## AVAILABLE DATA
----

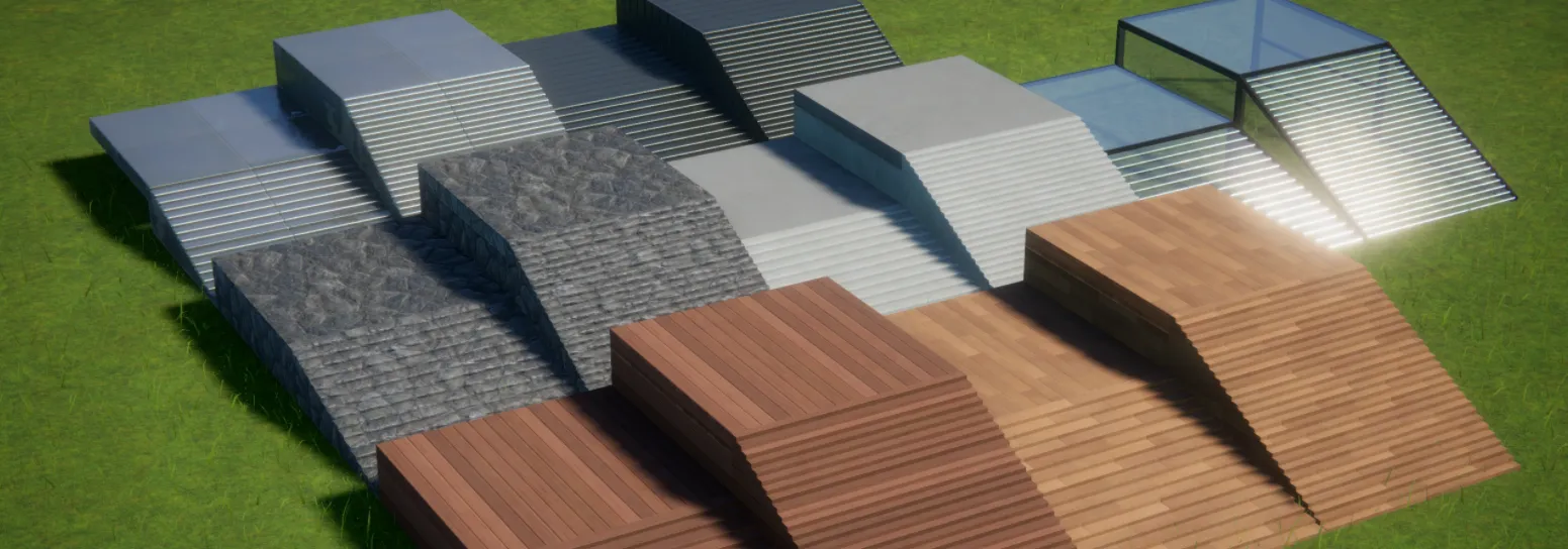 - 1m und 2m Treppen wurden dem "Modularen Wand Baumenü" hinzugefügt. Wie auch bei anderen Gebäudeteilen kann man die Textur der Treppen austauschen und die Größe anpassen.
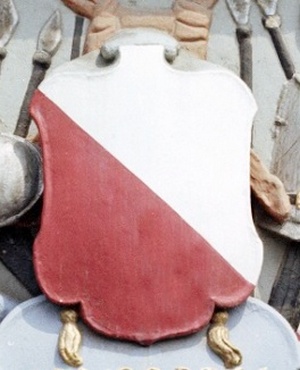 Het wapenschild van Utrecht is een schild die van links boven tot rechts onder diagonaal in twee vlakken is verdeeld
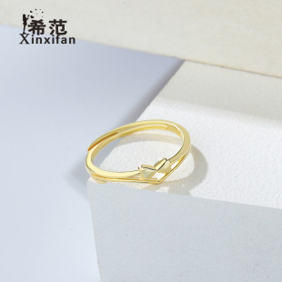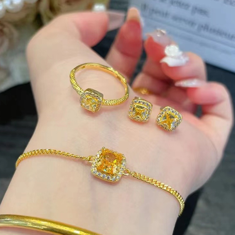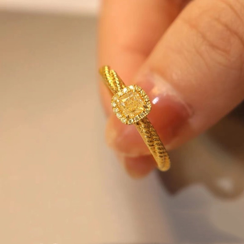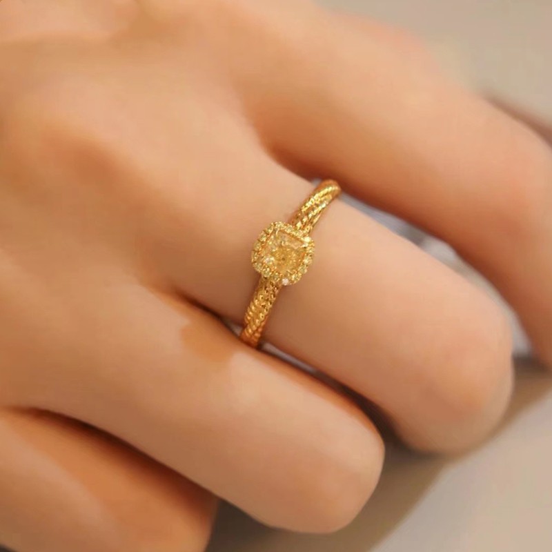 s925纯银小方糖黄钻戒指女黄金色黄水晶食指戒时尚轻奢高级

----

## WORK ITEM
With pictures omitted, restate exactly every line from the one containing "Het wapenschild van" through the last line of the material, inclusive.

## WRITTEN REPLY
 Het wapenschild van Utrecht is een schild die van links boven tot rechts onder diagonaal in twee vlakken is verdeeld
 s925纯银小方糖黄钻戒指女黄金色黄水晶食指戒时尚轻奢高级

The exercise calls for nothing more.